Leitsatz des Gerichts

  1. § 55 II 2 BadWürttBauO ist verfassungsmäßig.

  2. Die bloße Mitteilung des Angrenzers, daß er "Einspruch" gegen das Bauvorhaben erhebe, reicht nicht aus, um zu verhindern, daß er gem. § 55 II 2 BadWürttBauO mit seinen nicht fristgemäß vorgebrachten Einwendungen ausgeschlossen wird. Das Vorbringen muß vielmehr erkennen lassen, in welcher Hinsicht aus der Sicht des Angrenzers Bedenken gegen das Bauvorhaben bestehen. Das erfordert die Bezeichnung des verletzten Rechtsguts und eine zumindest grobe Darlegung der im einzelnen befürchteten Beeinträchtigungen.

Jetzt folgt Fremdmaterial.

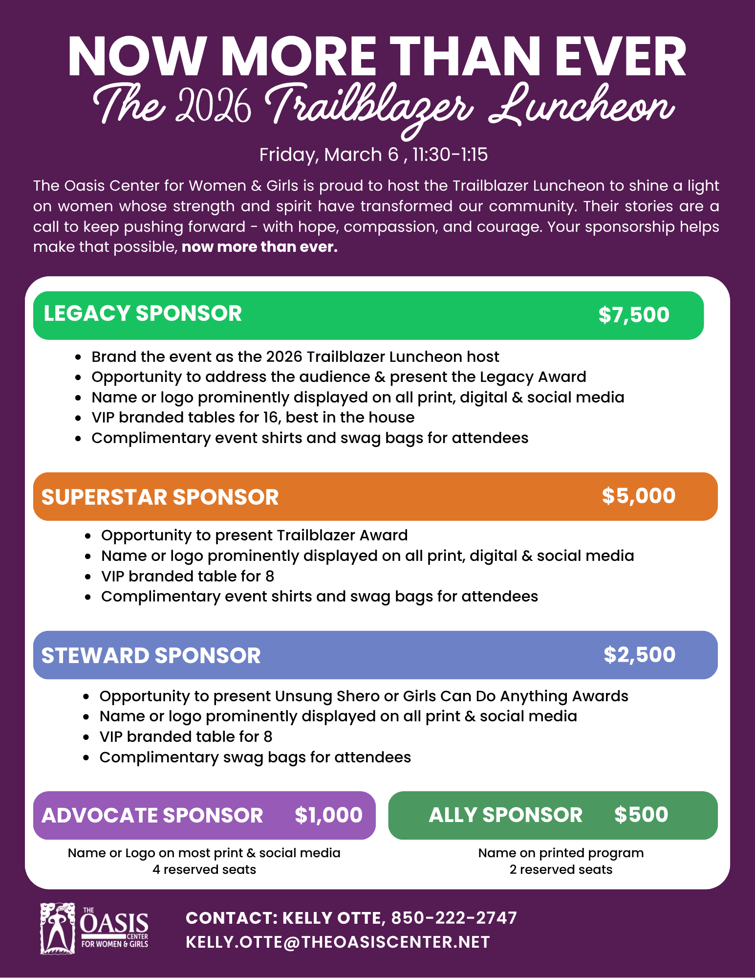 Sponsors are vital to Oasis because you make realization of our mission possible. Through the generosity of sponsors and donors, we’re able to provide essential services, and life-changing programs for moms raising children on their own, their children, and girls ages 12-18 in our community. Your support shows our participants that they are valued, seen, and not alone – and it strengthens our ability to be here when they need us. We are grateful to you for your support, now more than ever.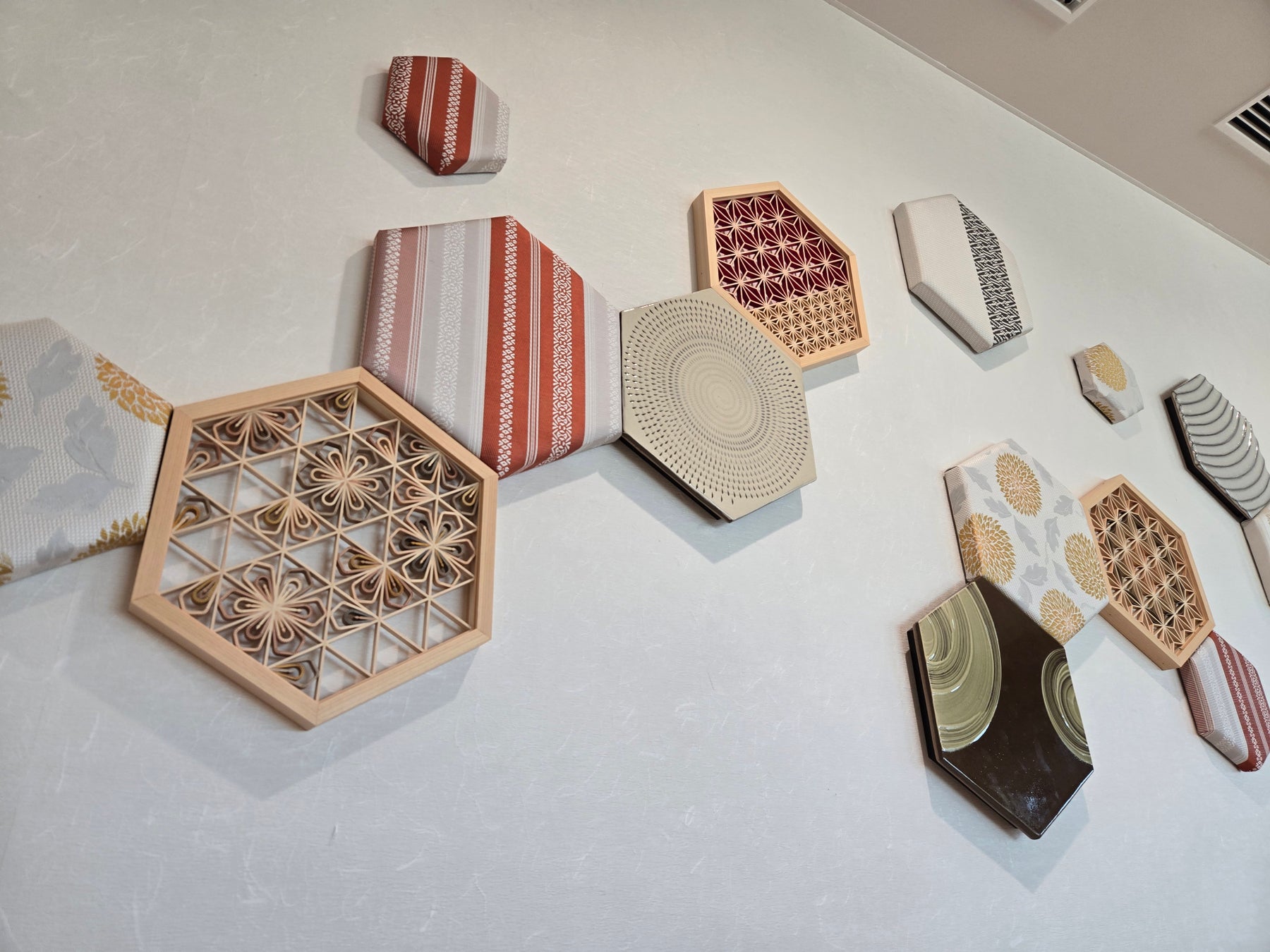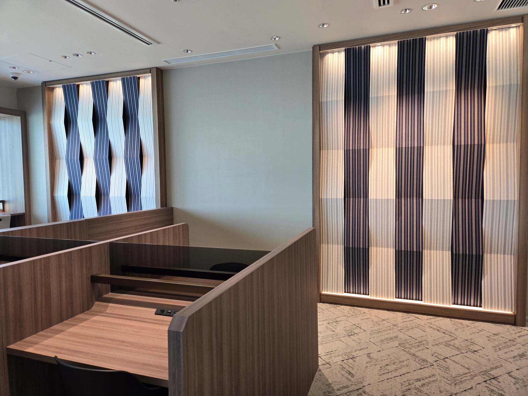 壁面に博多織、大川組子、小石原焼で制作した150~300角のパネルを設置。博多織については四季をイメージしたカラーや柄を用いて福岡らしさ・日本らしさを演出。

  3. Gegenstand möglicher Einwendungen des Angrenzers ist das durch den Bauantrag gekennzeichnete Bauvorhaben. Der Umstand, daß die Baurechtsbehörde dem Bauherrn von einer seinem Vorhaben entgegenstehenden Vorschrift Befreiung erteilt, bedeutet daher nicht das Eintreten einer neuen, von der Präklusion nicht erfaßten Tatsache.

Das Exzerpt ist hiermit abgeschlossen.